THe USA has the greatest means of all countries to pay down it's debt. Surging corporate profits means surging taxes.

All we need are Republicans in office instead o the Bush Administration to make things wok out.

Then the dollar will surge.

Anonymous said...

"Now cash is king, because noone has any. " metrosexual

Totally disagree on noone having it. Now a days every 24 year old kid makes enough money to drive a new car and live on his own. 15 years ago only a small portion of the twenty somethings could do that.

The USA is nigger rich.

Metroplexual said...

Anonymous said...
"Now cash is king, because noone has any. " metrosexual

Totally disagree on noone having it. Now a days every 24 year old kid makes enough money to drive a new car and live on his own. 15 years ago only a small portion of the twenty somethings could do that.

The USA is nigger rich.

Glad to see anonymous cut me down, but where's the money. The twenty year olds are extended on credit. 15 years ago I had my house and two new cars.

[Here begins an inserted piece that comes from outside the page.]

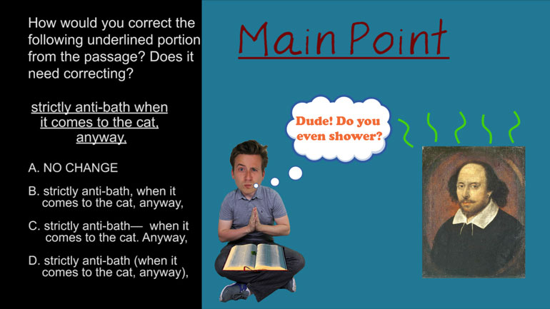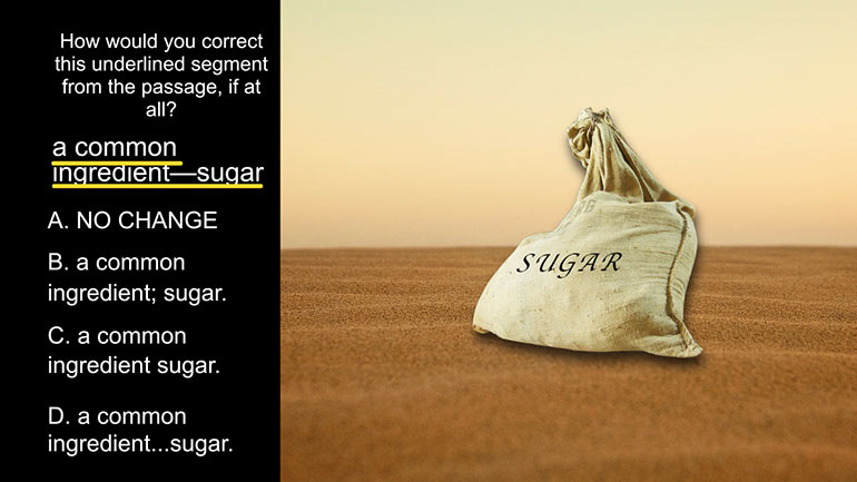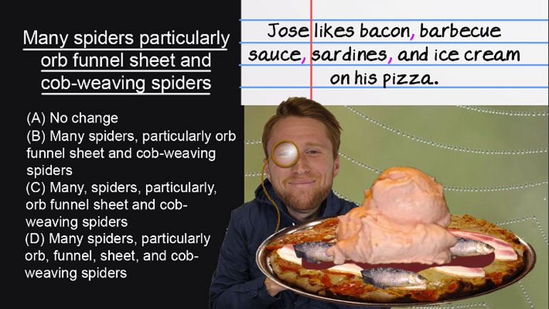 ACT English: Punctuation Drill 1, Problem 2. How should we format this list?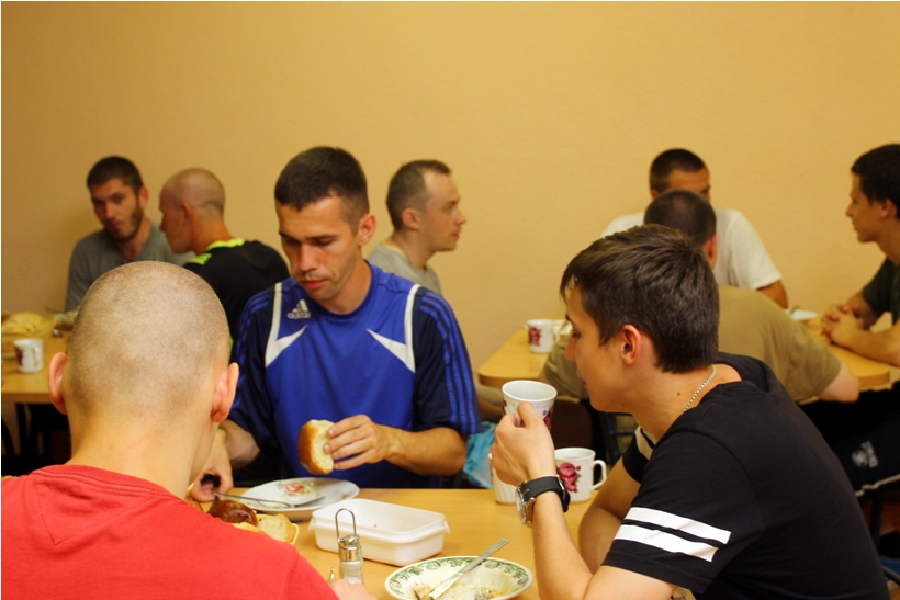 В столовой молодые бойцы могли сравнить домашнюю кухню с армейской - вместе с солдатской кашей они ужинали тем, что в дорогу им передали заботливые матери.

Kids today are in debt up to their eyeballs. It is all an illusion.

Metroplexual said...

Oh yeah! Unless your black, I take umberage with the "N" word. Even if your black.

Anonymous said...

The dollar will crash after the fall election, republicans are desperate and trying like hell to pump it up.

I've moved all my assets out of the USA into covservative non USD investments.

If Hillary gets in then she may instill some good fiscal "republican" values and we may turn out ok in the long term.

If the radical religous redneck retards (GOP) get elected again then the USA become a 3rd world ecomony similar to latin america or russia with a small uber-rich class, non more middle class, and a huge dirt poor bunch of losers like most of you!.

Anonymous said...

Homebuilder 2008 puts will be worth 2-35x what they are today.

Anonymous said...

Are bonds good or bad?

what the heck are they?

Anonymous said...

The dollar will crash after the fall election.....

We have $$ in US bank - Is that safe there while we are waiting to buy a house?

If the $$ does crash - will that make US housing even more unaffordable? Thanks.

dumptherepublicans said...

stay liquid and be prepared to move it fast if the SHTF. Dollars for now until Fed stops raising.